Since the Republicans have not offered legislation to reduce Medicare spending, their contribution to this part of the discussion was mainly to criticize the Democratic proposals. Rep. Paul Ryan (R-WI) led off with a dizzying critique of the Democrats’ deficit reduction math, noting, for example, that the Center for Medicare and Medicaid Services (CMS) Actuary report was less sanguine than the CBO about the cost of the bill and that the Democrats’ budget numbers do not include the sustainable growth rate fix, which everyone agrees must happen. This led to a challenge from Rep. Xavier Becerra (D-CA), who called Ryan out on whether he accepted the CBO’s judgment, observing that if there was no agreement to the CBO as a referee, the business of Congress could not be done. Ryan claimed he was not challenging the CBO, only the Democrats’ math. Sen.

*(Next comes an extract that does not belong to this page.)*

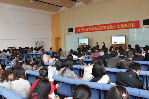 2013年4月24日下午,由我校研究生会举办的财经论坛系列活动之巅峰对话在图书馆四楼世界之窗举行。研究生会荣幸地邀请到了中国建设银行南京审计部审计五处处长严胧和我校金融学院院长闫海峰教授做为特邀嘉宾,为即将踏入工作岗位的大三和研二学生做了一次生动而难忘的演讲,并在交流互动中提出了中肯的建议。
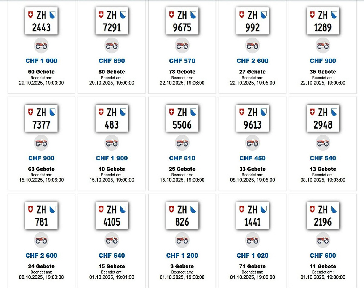 Am 16.07.2025 wurde im Kanton Zürich das nächste 3-stellige TÖFF-Nummernschild ausgegeben - in der Auktion ging es zum für die Kombination günstigen Preis von Fr. 2100.- weg! Verfolge den Verlauf vom «ZH 477

Chuck Grassley (R-IA) followed on, pointing out, as have others, that the Democrats cannot claim the Medicare savings both as reducing the Medicare trust fund deficit and as a funding source for coverage expansions.
As the Medicare discussion progressed, the Republicans tried to focus on the effect that the cuts were likely to have on Medicare beneficiaries and providers. The Democrats, on the other hand, pushed the Republicans on the need to make hard choices if the deficit is going to be confronted. Rep. Jim Cooper (D-TN) and Sen. Kent Conrad (D-ND) were particularly eloquent on this point. President Obama pushed the Republicans on whether they could defend the fact that we spend 14 percent more on Medicare Advantage than on traditional Medicare for the same benefits, increasing not only the cost to the taxpayers but also the Part B premiums of beneficiaries who are not in MA plans. Their response was not convincing.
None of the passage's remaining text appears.